Inhumans Star Eme Ikwuakor Tells The Truth About What Went Wrong With The Show - Exclusive
"Inhumans" is widely acknowledged as one of the few out-and-out failures associated with Marvel since the advent of the Marvel Cinematic Universe in 2008. Originally announced in 2014 as a feature film that would premiere in November 2018 as part of Marvel's Phase Three slate, the movie was instead repurposed as a TV project under the Marvel Television banner, which was at the time separately run from Marvel Studios although also owned by parent company Disney.
When the first two episodes of "Inhumans" debuted with a two-week run in IMAX theaters in late September 2017, followed by a premiere on ABC-TV, the show was met with almost universal derision. Fans were confused by seeing what essentially looked like a TV movie on IMAX screens instead of the Marvel spectacles they had come to expect. Even on TV, the visuals, costumes, design and some of the acting was deemed cheap and atrocious. After its eight-episode run, the series was quietly canceled by Marvel and ABC (Marvel Television was later folded into Marvel Studios).
What went wrong? In the comics, the Inhumans — a race of enhanced humans given astounding powers via experiments conducted by the alien race the Kree during the early days of humankind — had a rich mythology and cast of characters, and were seen by some fans as a replacement in the MCU for the X-Men, back before those characters returned to the Marvel Studios fold.
Actor Eme Ikwuakor, who played the Inhuman named Gorgon on the series, has his own ideas about why the show went south. "I wish that it would have been better received," he tells Looper in an exclusive interview. "You can't help what people are going to like and what people don't like."

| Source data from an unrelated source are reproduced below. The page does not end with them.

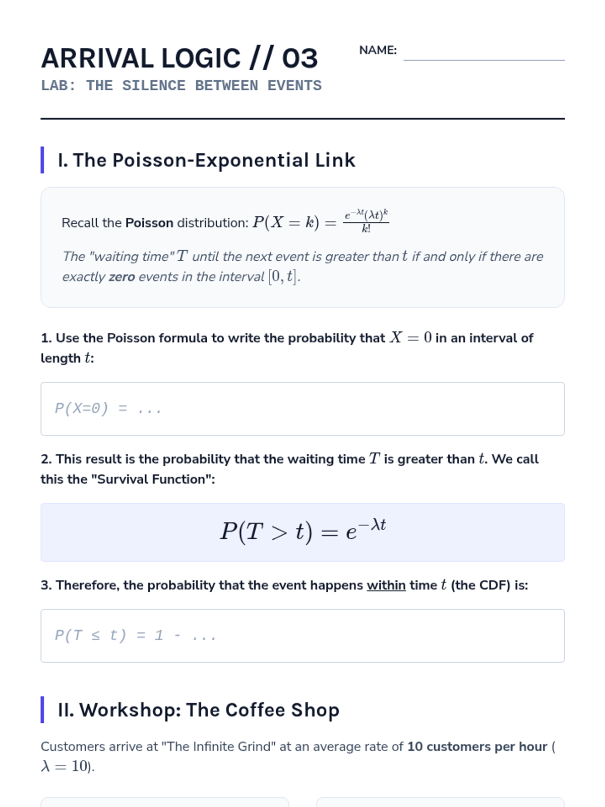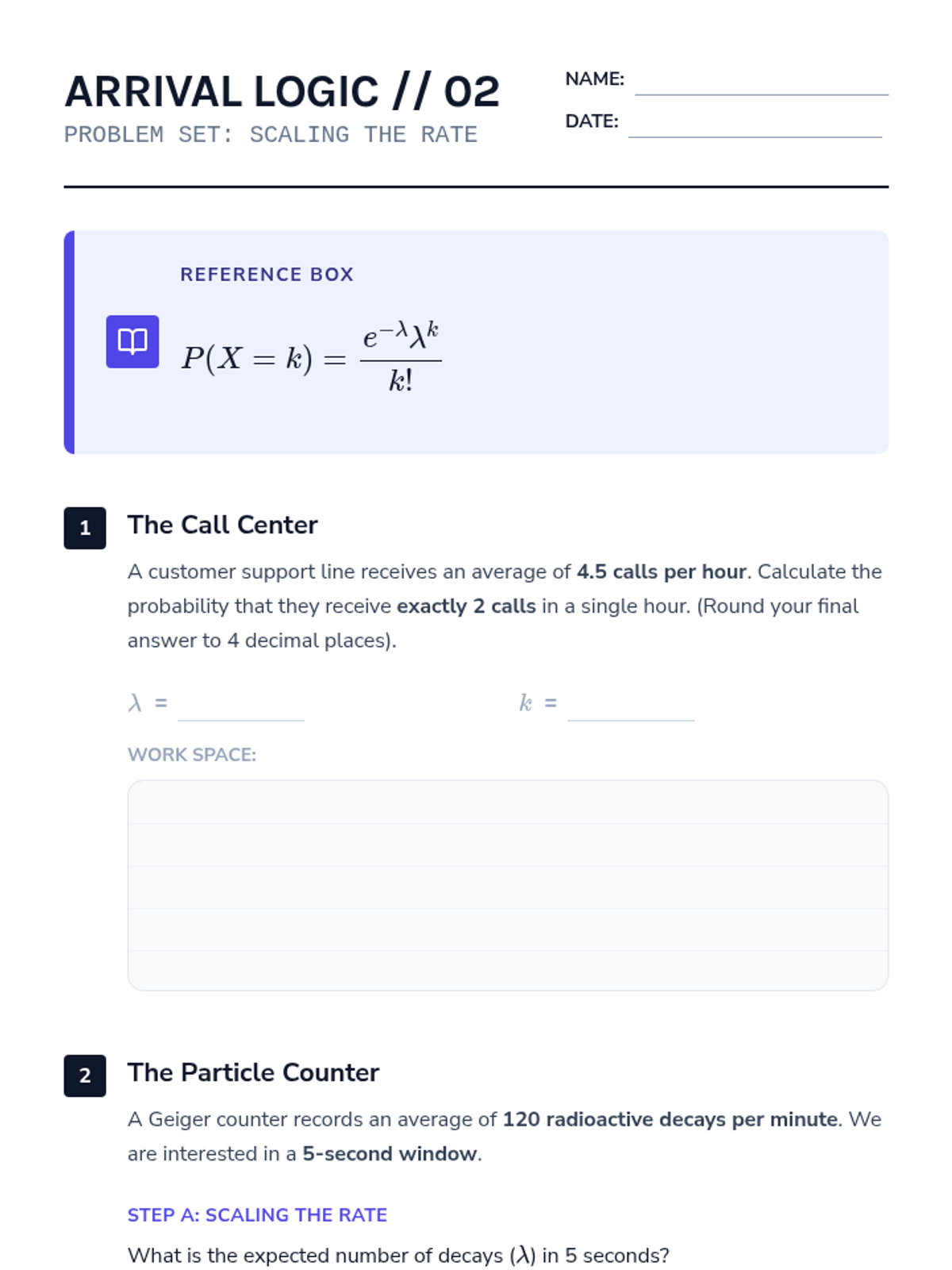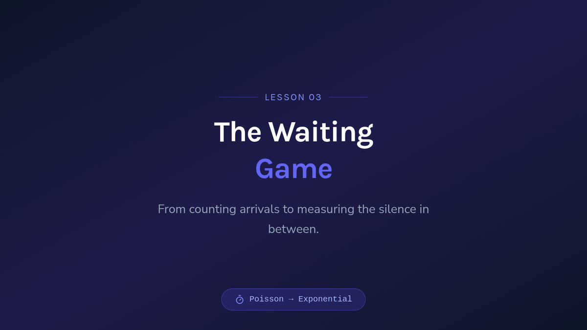 A 12th-grade statistics sequence exploring Poisson processes, transitioning from discrete counts to continuous time intervals and waiting times. Students will investigate arrival rates, the exponential distribution, and the unique memoryless property through inquiry and simulation.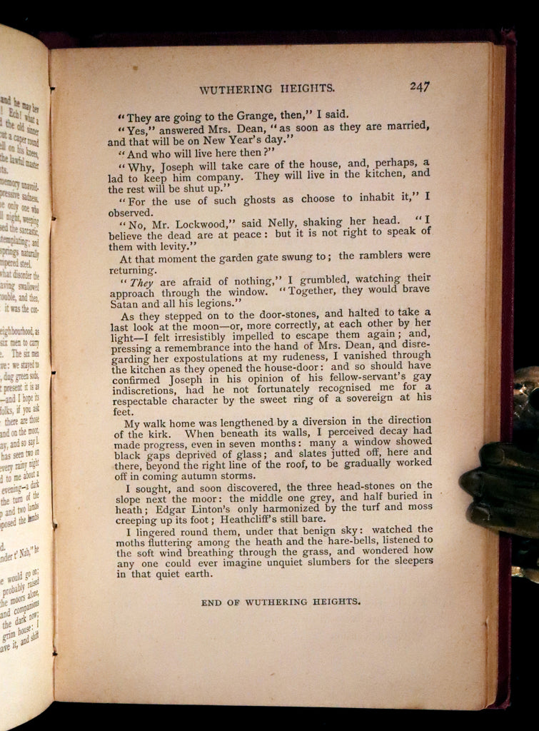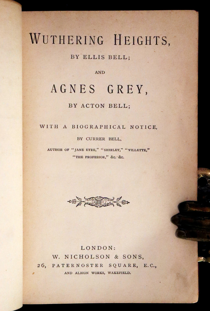 The book: Attractive and scarce edition of Wuthering Heights -- a novel by Emily Brontë published in 1847 under her pseudonym "Ellis Bell". It is her only finished novel. Wuthering Heights and Anne Brontë's Agnes Grey were accepted by publisher Thomas Newby before the success of her sister Charlotte's novel Jane Eyre. After Emily's death, Charlotte edited a posthumous second edition in 1850. Although Wuthering Heights is now a classic of English literature, contemporaneous reviews were deeply polarised; it was controversial because of its unusually stark depiction of mental and physical cruelty, and it challenged Victorian ideas about religion, morality, class, and a woman's place in society.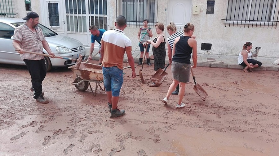 Nancy Ramona Girett Acosta facilita a este diario, a través de redes sociales, imágenes de cómo los vecinos, de muy variadas edades, trabajan para retirar el barro que ha cubierto plenamente el asfalto en El Algar.

Eme Ikwuakor's theory on why Inhumans flopped
Eme Ikwuakor, currently starring in Roland Emmerich's new space disaster yarn, "Moonfall," is quick to say that the actual production of "Inhumans" was a positive experience for him in many ways. "One of the things I always wanted to do was to play a superhero," he says. "That was one of my goals. Being able to do that was actually a dream. It was playing this character of size in Hawaii, with such an amazing cast who are still all friends today. That's a gift that I'll never take away."
Ikwuakor is equally fast to elaborate on what he thinks was one reason why "Inhumans" sank. "I think one of the things that made it a little bit tough was the way that it was released," he explains. "We were getting compared to movies instead of being compared to, in my opinion, what should have been an ABC television show. I think that's probably one of the things that made it difficult to really get off the ground because they're expecting to see 'Thor: Ragnarok' on TV when we had the budget for something on The CW or 'Agents of S.H.I.E.L.D.'"
Ikwuakor adds that another source of fan speculation — that the Inhumans would stand in for mutants in the MCU — didn't do "Inhumans" any favors.
"People thought that we were trying to replace the X-Men, which we weren't trying to do at all," he says. "It sucks because you wish that it could have gone farther and you wish you could have done more, but it was still a gift to do it, and the relationships that we had were just amazing."
"Inhumans" can be streamed in its entirety on Disney+.